Januvia, Byetta, Other Diabetes Drugs Focus of Controversy

Januvia_DiabetesSome popular and money making diabetes drugs are at the center of a conflict over disturbing research findings.

Although Dr. Peter C. Butler declined to test its then-new diabetes medication, Januvia, he ultimately relented and, in 2008, observed that the drug causes some pancreatic changes that are precursors to pancreatic cancer, according to a The New York Times  report. Januvia is marketed by Merck & Co.

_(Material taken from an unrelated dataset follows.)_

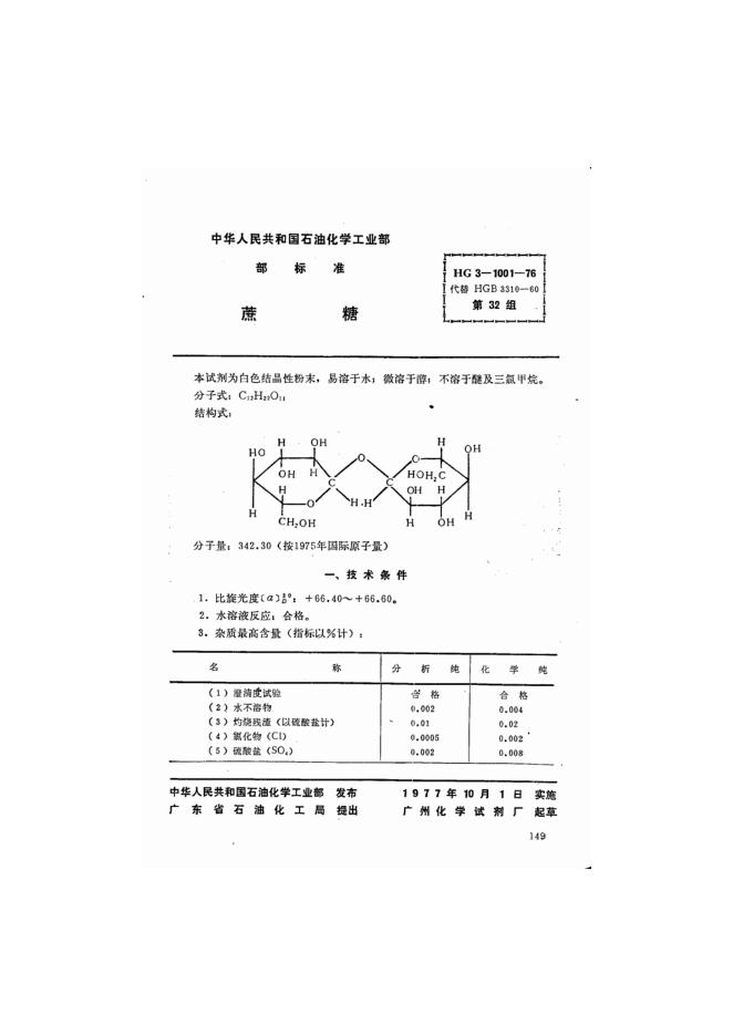 HG 3-1001-1976 化学试剂 蔗糖

The findings, according to The Times, might threaten the entire drug class, which brings in sales of more than $9 billion each year and which are used by hundreds of thousands of people diagnosed with Type 2 diabetes. “I knew some stuff that I thought was a worry and I was obliged to pursue it,” Dr. Butler, the chairman of endocrinology at the University of California, Los Angeles, told the Times.

Incretin mimetic drugs include Byetta and Bydureon (exenatide); Victoza (liraglutide); Januvia, Janumet, Janumet XR, and Juvisync (sitagliptin); Onglyza and Kombiglyze XR (saxagliptin); Nesina, Kazano, and Oseni (alogliptin); and Tradjenta and Jentadueto (linagliptin). These drugs increase certain natural substances that lower raised blood sugar levels. People with Type 2 diabetes typically have abnormally low insulin levels or their bodies have difficulties utilizing insulin efficiently.

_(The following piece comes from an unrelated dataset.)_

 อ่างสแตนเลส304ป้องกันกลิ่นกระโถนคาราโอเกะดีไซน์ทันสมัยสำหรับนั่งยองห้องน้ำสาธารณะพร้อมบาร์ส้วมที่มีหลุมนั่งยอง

Incretin mimetic drugs imitate the body’s incretin hormones. These hormones are meant to stimulate insulin release following consumption of meals and are typically used in collaboration with diet and exercise to lower blood sugar in adults diagnosed with Type 2 diabetes. In 2009, the U.S. Food and Drug Administration (FDA) required a label update on these drugs warning of the risk of acute pancreatitis, a painful, potentially fatal disorder and a known risk factor for pancreatic cancer.

Pancreatitis is an inflammation of the pancreas that is not only linked to cancer and kidney failure, when the disorder becomes chronic, it is painful and potentially fatal. The serious side effects linked to these Type 2 diabetes drugs include low blood sugar; anaphylaxis and other allergic reactions, such as hives, rash, swelling of the face, lips, tongue, and/or throat; diseases of the pancreas such as acute, necrotizing, or hemorrhagic pancreatitis; pancreatic cancer; thyroid cancer; vomiting and nausea; anorexia; persistent, severe abdominal pain, sometimes radiating to the back; and death.

Based on Dr. Butler’s study, the FDA and the European Medicines Agency (EMA) began investigations on the drugs. Also, more than 100 lawsuits representing 575 plaintiffs nationwide allege injury—typically pancreatitis—due to Byetta, according Bristol-Myers’ latest quarterly regulatory filing; 43 lawsuits claim that Januvia caused pancreatic cancer, according to Merck, wrote The Times.

Dr. Butler noted that after his group presented its findings to Merck that, “I never heard from them again,” except when Merck attorneys asked when the study results would be published, The Times said. Dr. Butler also pointed out that the studies conducted by drug firms seeking FDA approval for these medications, used healthy, young animals that would not likely develop pancreatic cancer. This is significant said Dr. Butler because these drugs increase levels of glucagonlike peptide-1, a hormone that might speed up precancerous conditions that exist in middle-aged people, similarly to how the hormone estrogen might promote growth of nascent breast tumors.

In separate reviews, Dr. Butler and colleagues, Public Citizen, and the Institute for Safe Medication Practices (ISMP) each found many more cases of pancreatitis and pancreatic cancer reported for the incretin drugs than for Avandia, another Type 2 diabetes drug, The Times said.